Whoever predicted the death of the book couldn’t have been more wrong. There are more books around today than ever before — so many, in fact, that a whole genre of books about reading has emerged just to help us make sense of them all. This genre has, in the last few years, developed so rapidly that a new example seems to appear on the shelves every month. I recently had the pleasure of reviewing 13 Ways of Looking at the Novel by Jane Smiley, in which, stymied by the frustrations of her latest work, Smiley recounts her decision to shut down her laptop, put her feet up, and re-read 100 of her all-time favorite novels. Francine Prose, like Jane Smiley, is perhaps best known as a fiction writer — she’s the author of The Blue Angel and Household Saints, among other well-received novels — so my initial concern was that, coming so close on the heels of the Smiley book, Reading Like a Writer might be redundant. I needn’t have worried. Not enough can be said about the way we read, and how it connects not only to the way we write, but also to the way we live.
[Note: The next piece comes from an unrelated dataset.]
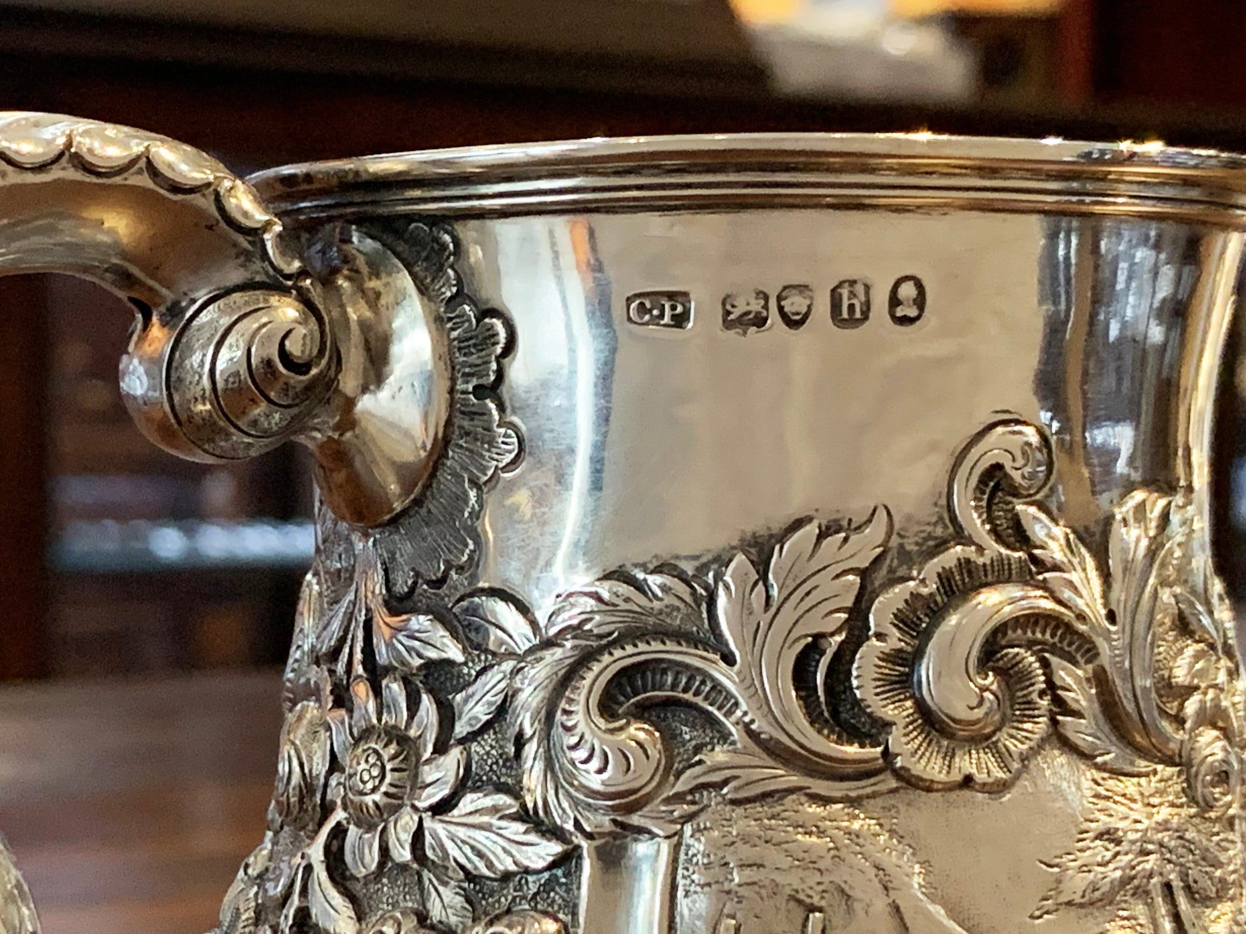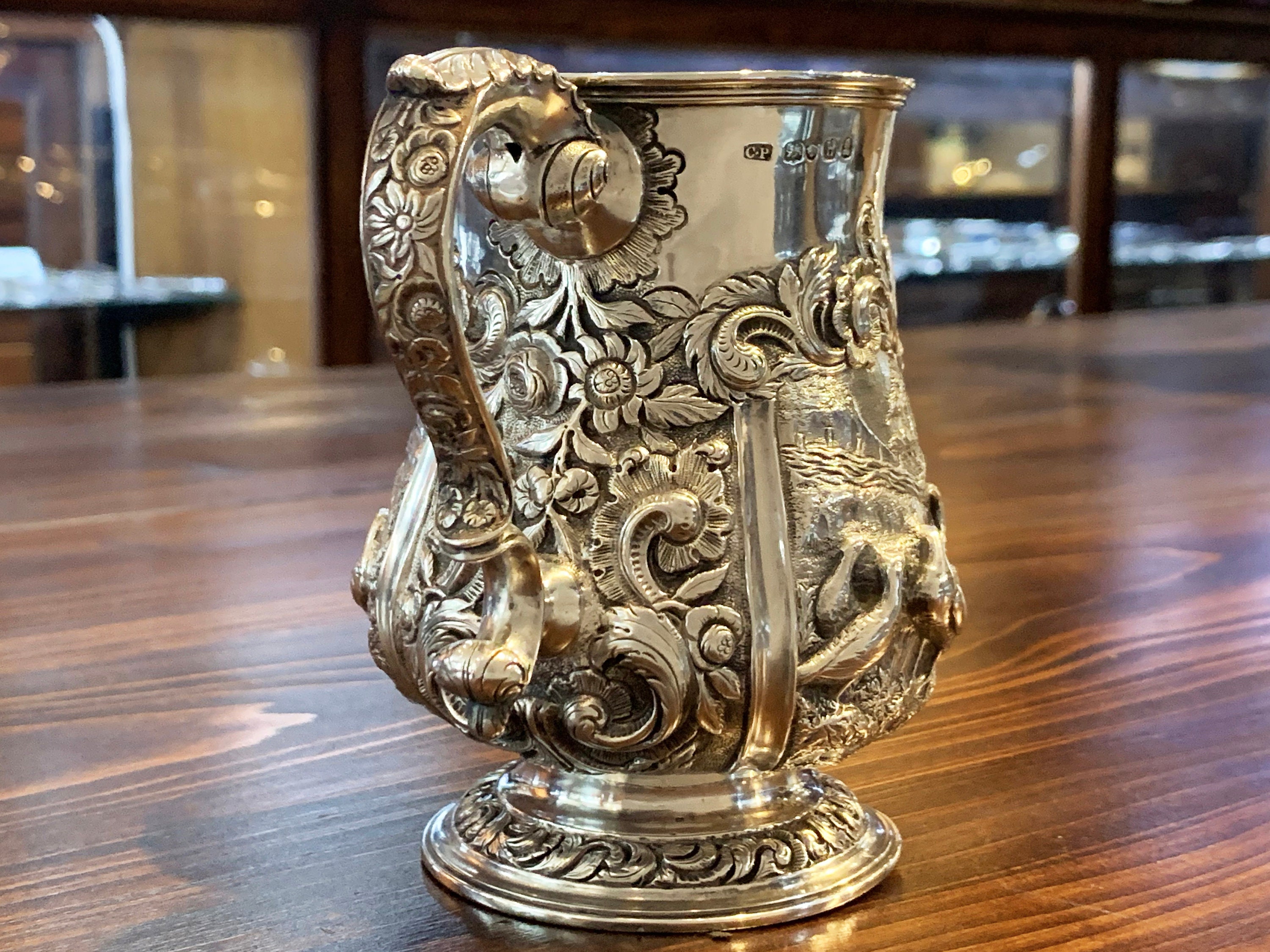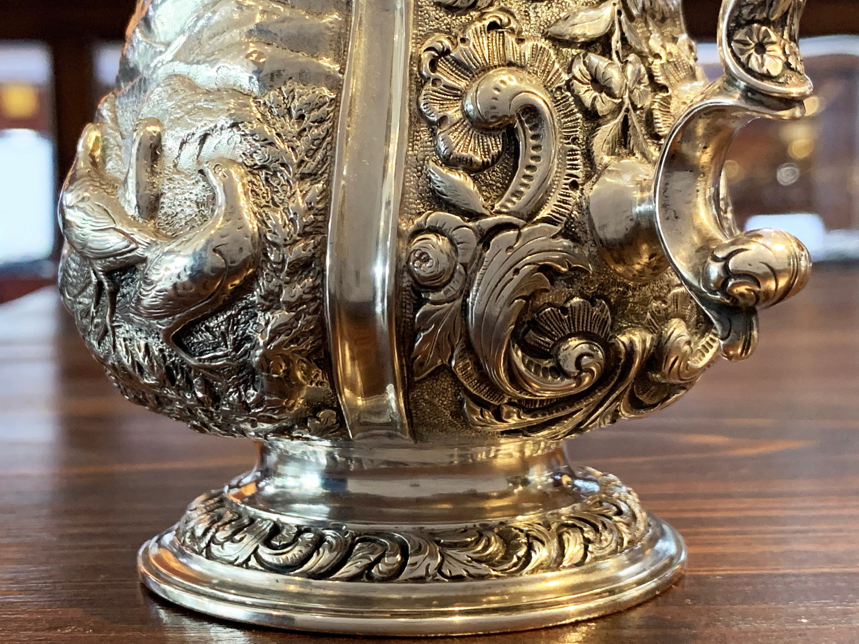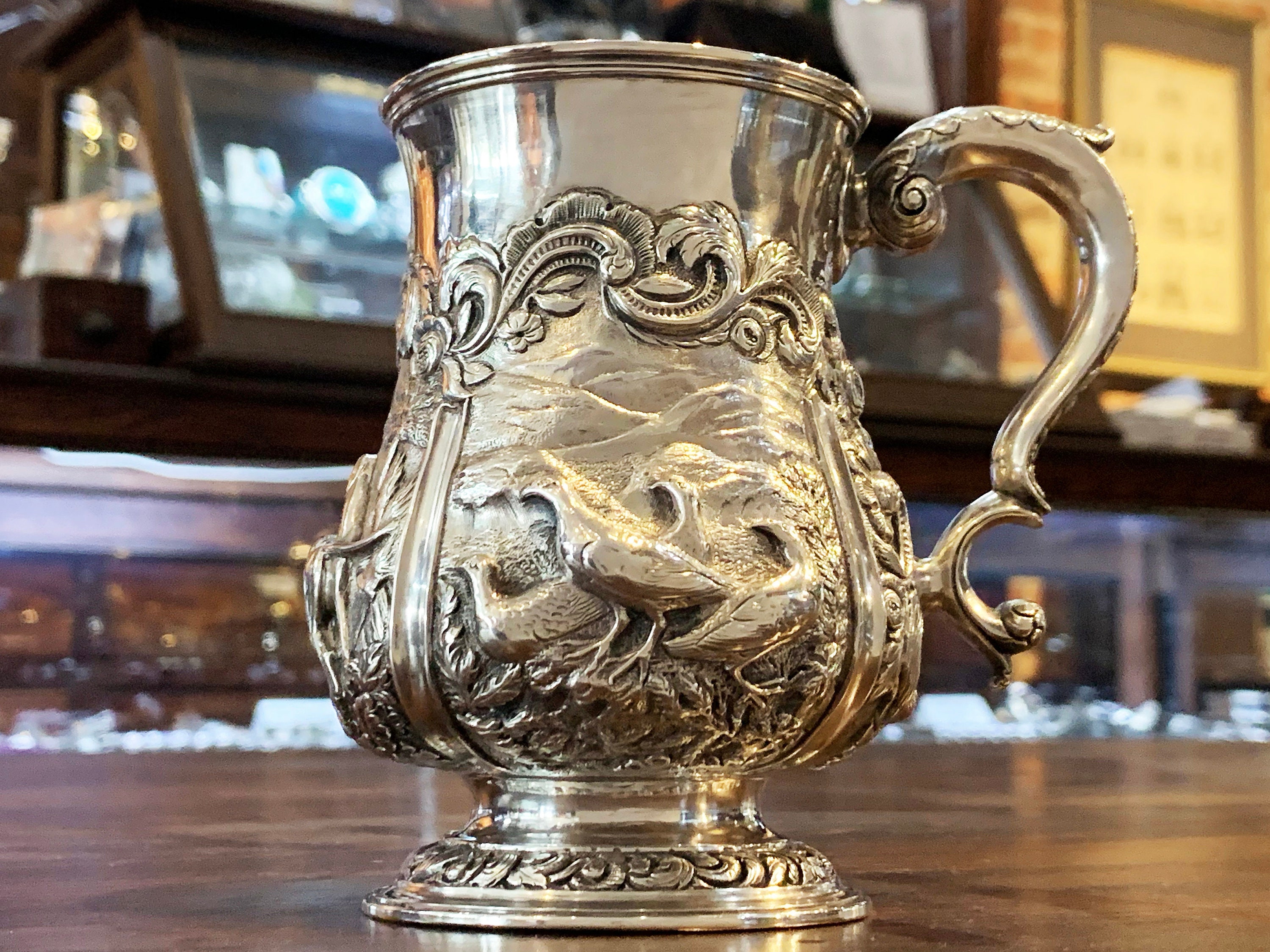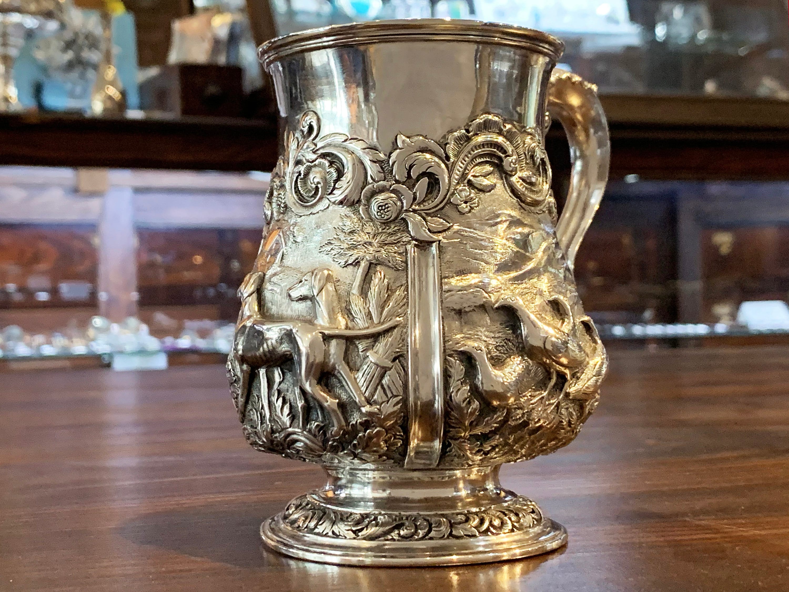 Serve in style with this stunning sterling silver cann. Designed in London in 1903, this piece features an elaborate hunting scene depicting pheasants and dogs in the countryside. This antique gem is sure to become a treasured heirloom. For easy tarnish preventative storage, add https://www.etsy.com/listing/779223480.

Reading Like a Writer is a detail-oriented meditation on the subtle and undervalued craft of good reading. While many of us are proud of reading regularly, voraciously, or eclectically, how many of us really pay close attention to what we read? How many of us know how to read well? In this increasingly fast-paced, image-driven culture, it’s generally taken for granted that, as long as you can read and write well enough to function in the world, as long as you can read the newspaper and road signs, send text messages and e-mails, you’re pretty much all set. As Francine Prose reminds us, however, advanced reading skills don’t come naturally, but are acquired gradually, through constant and careful practice, much like learning to play a musical instrument, with ever more intricate variations.
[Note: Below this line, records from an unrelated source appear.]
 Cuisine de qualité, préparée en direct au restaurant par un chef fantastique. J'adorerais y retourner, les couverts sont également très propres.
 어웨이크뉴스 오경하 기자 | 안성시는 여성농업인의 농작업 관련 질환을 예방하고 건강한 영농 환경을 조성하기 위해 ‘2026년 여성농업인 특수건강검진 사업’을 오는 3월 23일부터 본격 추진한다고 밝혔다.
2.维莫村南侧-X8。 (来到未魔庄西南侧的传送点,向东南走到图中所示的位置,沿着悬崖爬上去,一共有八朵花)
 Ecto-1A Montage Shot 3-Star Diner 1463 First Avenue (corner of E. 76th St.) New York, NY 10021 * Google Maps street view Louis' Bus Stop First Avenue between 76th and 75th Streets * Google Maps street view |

The book’s main course is a gourmet dinner of advice about close reading. Each chapter is devoted to a particular element of style, from words and sentences to paragraphs, narration, character, dialogue, details, and gesture. Points are illustrated with the ample help of personal anecdotes, biographical vignettes, and lots of extracts and quotations from an egalitarian roster of authors, from the acknowledged “greats” (James Joyce, George Eliot, Virginia Woolf) to the less well-known and, according to Prose, considerably undervalued (John Le Carré, Henry Green, Heinrich von Kleist). These extracts, while lengthy, serve to remind us how much we can learn when we give good writing the attention it deserves, and how subtle and discreet skilful prose has to be.
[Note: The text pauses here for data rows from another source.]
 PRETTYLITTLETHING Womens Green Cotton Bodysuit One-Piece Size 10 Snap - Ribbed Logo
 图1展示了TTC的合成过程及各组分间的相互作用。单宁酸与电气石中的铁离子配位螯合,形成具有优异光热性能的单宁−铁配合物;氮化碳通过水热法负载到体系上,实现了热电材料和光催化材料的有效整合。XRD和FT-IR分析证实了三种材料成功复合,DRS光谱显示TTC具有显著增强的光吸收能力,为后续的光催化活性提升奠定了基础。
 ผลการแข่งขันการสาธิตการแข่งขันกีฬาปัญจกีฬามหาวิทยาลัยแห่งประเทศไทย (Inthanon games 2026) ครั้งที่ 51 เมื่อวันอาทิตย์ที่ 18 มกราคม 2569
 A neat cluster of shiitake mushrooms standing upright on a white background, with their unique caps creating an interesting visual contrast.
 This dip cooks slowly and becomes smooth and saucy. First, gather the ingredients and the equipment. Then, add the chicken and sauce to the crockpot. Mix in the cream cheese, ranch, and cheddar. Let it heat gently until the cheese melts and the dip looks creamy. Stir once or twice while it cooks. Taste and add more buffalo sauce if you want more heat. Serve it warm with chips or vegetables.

Dessert is two chapters: one on how to learn from Chekhov, and another on how reading can bring you courage in your own writing, plus a list of “Books to Be Read Immediately.” Don’t let this commanding tone make you think Francine Prose is a stern, Lynne Truss-type fuddy duddy, exasperatedly throwing up her hands at the bad habits of today’s readers and writers — not at all. It’s just that she truly believes that reading is a craft, with certain pleasures associated with it, and that, like all crafts, it should be practiced both for its own sake, and to give you strength and courage to write yourself. Most importantly, perhaps, she reminds us that reading and writing aren’t separate skills but integral to one another, and (as long as you continue to write regularly), the more you read, and the more carefully you read, the better your own writing will become.
Note: A portion of this review was published in Readers Delight: 2006 in Books, PopMatters, 17 January 2007.